TASK ITEM
Keep the images out while you set down the data exactly.

PROVIDED MATERIAL

[Start of Attachment]

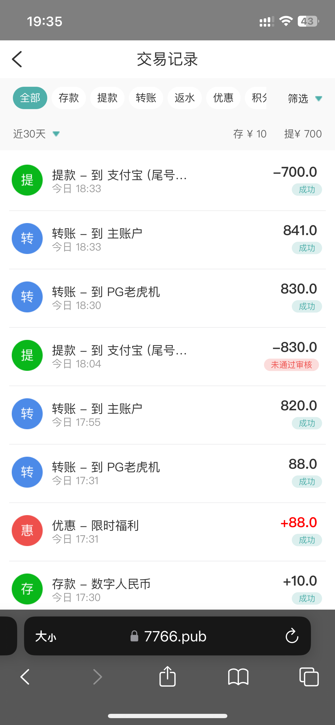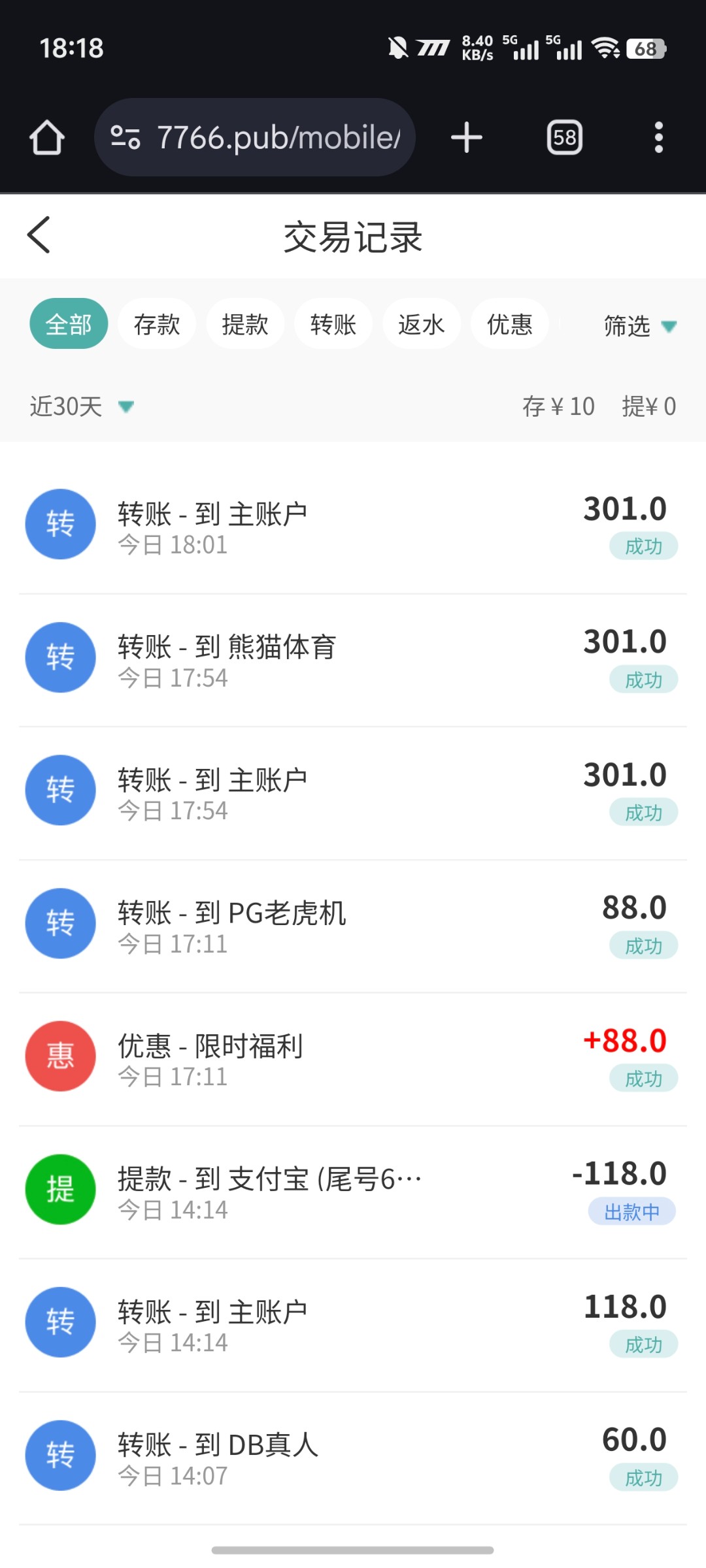 我充的十块上一百,两点钟提的支付宝,审核通过了,一直出款中,现在都没到,刚才玩88优惠券又上300了,前面提的一百还是没到,后面这三百都提不了
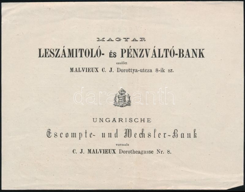 1870 "Magyar Leszámitoló- és Pénzváltó-bank" számlája https://www.darabanth.com/de/375-Fernauktion/375.0/Kunst-Dokumente-andere-Sammelgebiete/Dokument~500018/1870-Magyar-Leszamitolo-es-Penzvalto-bank-szamlaja~II2197632
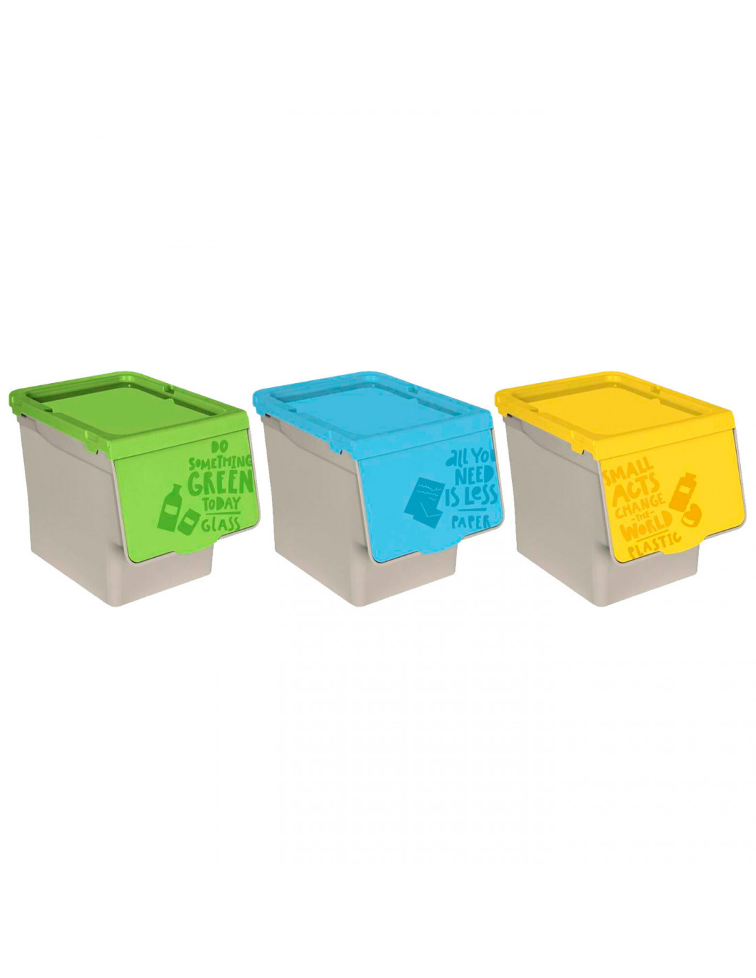 Tradineur - Pack de 3 contenedores apilables, polipropileno, cubos de basura, almacenamiento de residuos, fácil apertura, reciclaje (Papel, plástico y vidrio, 27 litros, 31,5 x 29,5 cm x 39,5 cm)

[End of Attachment]

SOLUTION TO THE EXERCISE
 我充的十块上一百,两点钟提的支付宝,审核通过了,一直出款中,现在都没到,刚才玩88优惠券又上300了,前面提的一百还是没到,后面这三百都提不了
 1870 "Magyar Leszámitoló- és Pénzváltó-bank" számlája https://www.darabanth.com/de/375-Fernauktion/375.0/Kunst-Dokumente-andere-Sammelgebiete/Dokument~500018/1870-Magyar-Leszamitolo-es-Penzvalto-bank-szamlaja~II2197632
 Tradineur - Pack de 3 contenedores apilables, polipropileno, cubos de basura, almacenamiento de residuos, fácil apertura, reciclaje (Papel, plástico y vidrio, 27 litros, 31,5 x 29,5 cm x 39,5 cm)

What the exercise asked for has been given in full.